- Associated Press - Tuesday, September 23, 2014

PHILADELPHIA (AP) - At 2:30 one recent afternoon, Neil Calore entered a small, white-frame house in Frankford, carrying a heavy bag in each hand.

“Brought you some dinner, Anthony,” he said, unloading pastries onto the kitchen table, then stuffing the fridge with the makings of seven meals: pork sausage, breaded chicken cutlets, fish with potatoes.

Anthony Strazzeri, 96, sat upright and inspected the pastry.

He had been waiting eagerly for Calore, who visits every week, delivering food and conversation - stories about family, politics, and how the world has changed.

Over the last 14 months, they have become good friends, said Calore, 52, a fire captain in the Far Northeast.

Once a week, Calore volunteers with Aid for Friends, an organization that provides the elderly and frail with home-cooked meals. The organization celebrates its 40th anniversary in October.

It was founded by Rita Ungaro-Schiavone, who was a volunteer social worker in the ‘70s. She was struck by the loneliness and desperation of elderly people, said Steven Schiavone, her son, who also serves as the group’s executive director.

She realized that many people were not able to cook their own food.

So one day she started to freeze leftovers from home and brought them to her clients.

“A lady called Minnie started to cry,” Steven Schiavone said. “She had not had a home-cooked meal for 10 years.”

Rita Ungaro-Schiavone soon expanded her deliveries. She drove from church to church to recruit new helpers to do the cooking, deliver the meals.

Today, the network counts 16,000 volunteers -cooks, drivers, visitors, coordinators, and office and maintenance personnel.
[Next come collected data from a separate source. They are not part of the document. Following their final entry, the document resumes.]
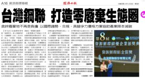NEWS 公司榮譽與永續行動, 媒體報導 2025/11/28 經濟日報:台灣鋼聯打造零廢棄生態圈 營收公告 2025/11/06 公告114年10月份合併自結損益 公司榮譽與永續行動 2025/10/31 台灣鋼聯受環境部資源循環署肯定,榮獲資源循環績優企業「金質獎」 營收公告 2025/10/07 公告114年09月份合併自結損益 營收公告 (11)公司榮譽與永續行動 (10)媒體報導 (4) 公司榮譽與永續行動, 媒體報導 2025/11/28 經濟日報:台灣鋼聯打造零廢棄生態圈 營收公告 2025/11/06 公告114年10月份合併自結損益 公司榮譽與永續行動 2025/10/31 台灣鋼聯受環境部資源循環署肯定,榮獲資源循環績優企業「金質獎」 營收公告 2025/10/07 公告114年09月份合併自結損益 營收公告 2025/09/04 公告114年08月份合併自結損益 公司榮譽與永續行動 2025/09/03 2025外資精選台灣 100 強頒獎典禮暨外資論壇 (中堅潛力獎-第18名) 營收公告 2025/08/06 公告114年07月份合併自結損益 營收公告 2025/07/04 公告114年06月份合併自結損益 營收公告 2025/06/05 公告114年05月份合併自結損益 營收公告 2025/05/06 公告114年04月份合併自結損益 文章分頁 1 2 3 下一頁 關於台灣鋼聯 公司簡介公司沿革企業核心價值政策認證與證書關係企業 產品與服務 旋轉窯製程可收受廢棄物/資源物項目專業服務粗氧化鋅 新聞中心 營收公告媒體報導公司榮譽與永續行動 投資人專區 財務資訊公司治理股東服務 承攬商登錄系統 入廠登錄系統操作說明承攬商作業相關表單 環境監測 監測資訊 聯絡我們 聯絡方式交通資訊不法行為舉報 台灣鋼聯 ESG Youtube 台鋼資源網站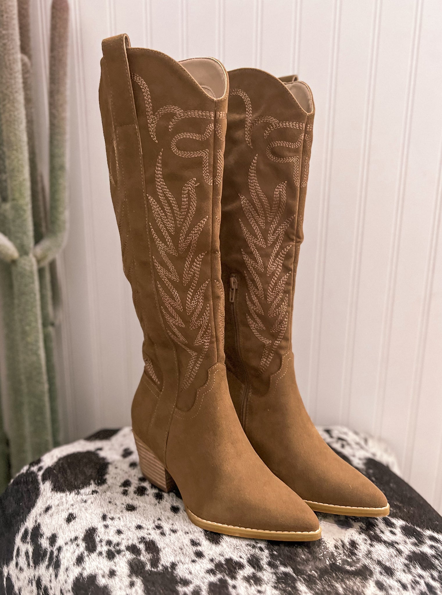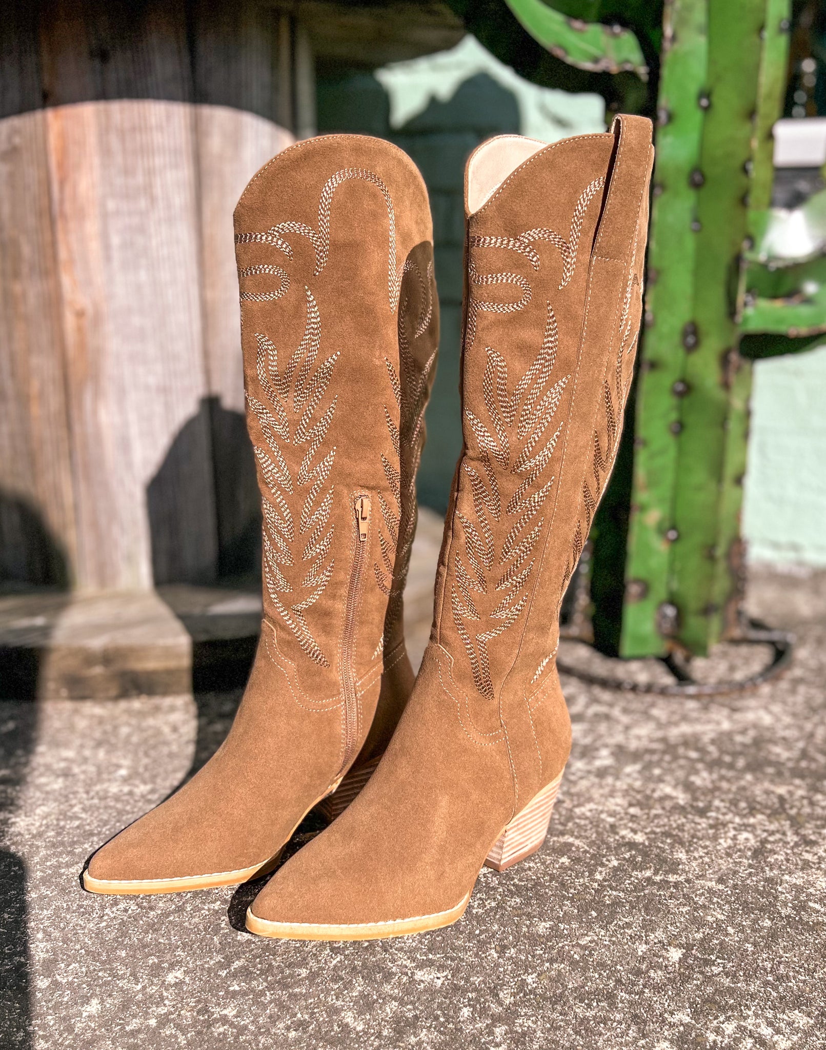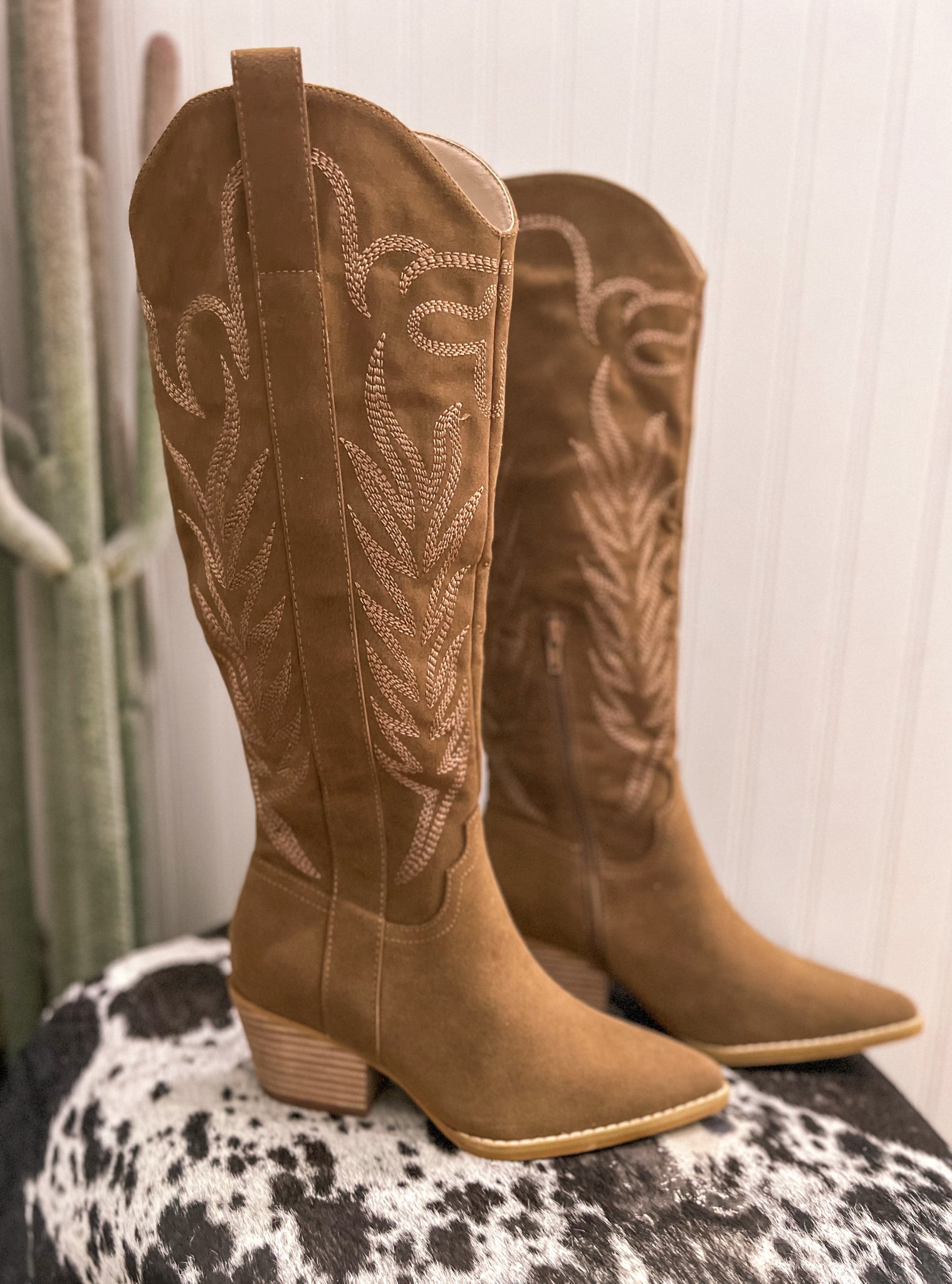 Yeehaw! Kick up your style with these Bronco Cowboy Boots. Made with soft, suede brown material and intricate embroidery, these boots will definitely turn heads. Perfect for a rodeo or a night out on the town, these boots will add a touch of wild west charm to any outfit!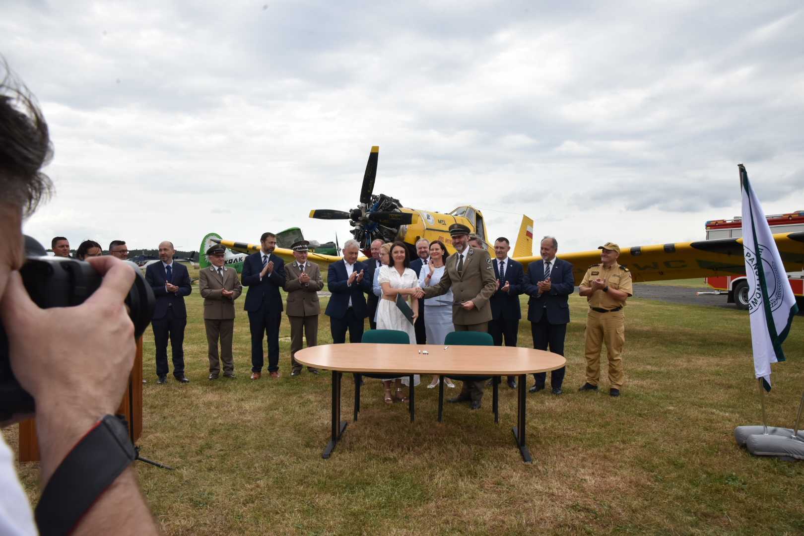 Stan zagrożenia pożarowego w polskich lasach rośnie przez suszę. Chociaż przyczyną większości pożarów nadal są podpalenia, to ryzyko rośnie wraz z upałami i suszą. 23 czerwca 2023 r. na terenie Leśnej Bazy Lotniczej Regionalnej Dyrekcji Lasów w Katowicach podpisano umowę na dofinansowania w wysokości 800 tys. zł na loty patrolowo-gaśnicze na terenach leśnych. To efekt ścisłej współpracy Wojewódzkich Funduszy Ochrony Środowiska i Gospodarki Wodnej we wspieraniu ochrony lasów przed zagrożeniem pożarowym. W uroczystości uczestniczyła minister klimatu i środowiska Anna Moskwa, która podkreśliła, że dzięki znacznemu powiększeniu środków na aktywną ochronę lasów, zwiększy się skuteczność działań przeciwpożarowych oraz bezpieczeństwo w lasach.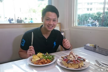 続いてランチでパンケーキのお店に入ると「エッグベネディクト」と「バナナスフレパンケーキ」を注文します。「しょっぱいものと甘いもの両方」と言いながら二つのパンケーキをペロリと平らげるのはさすがプロ野球選手。「フワフワの生地に、意外と甘すぎないクリームが美味しい」と満面の笑みを浮かべます。

They prepare meals and store them in freezers in churches throughout the five-county region, until they are picked up and distributed to the clients.

Last year, the nonprofit served 393,088 meals, 57,500 servings of soup, and 42,095 breakfast bags to 2,223 clients in the Philadelphia area.

“This service is absolutely free,” Steven Schiavone said. Every frail person who is isolated, homebound, and in need qualifies.

The demand is huge. “We are primarily limited by the number of volunteer visitors we can recruit,” Schiavone said.

The volunteers do more than feed their clients. “Spending time is as important,” Schiavone said. “People are desperately lonely.”

So the volunteers take time to talk or to fix something in the house. “We do the little things that help our clients to stay at home,” Schiavone said.

Neil Calore, for instance, has aided Anthony Strazzeri with the fire alarm and helped him wax his kitchen floor. Next he wants to find someone who will cut a bush that’s growing over the man’s back fence.

He would do more, Calore said, “but Anthony would not let me do much. He is a very independent person.”

So Calore sat down and listened to the stories his elder friend told: delivering a 300-pound block of ice to keep food cold as a youngster, becoming a sheet metal worker, sharing a life with his wife, Ellen.

Calore, whose wife has also passed away, said that talking to Strazzeri had aided him as he coped with his grief: “I was a volunteer to help him but probably he has helped me more.”

As Strazzeri put it: “We had something in common. He lost someone, I lost someone. Neil is a hell of a nice guy.”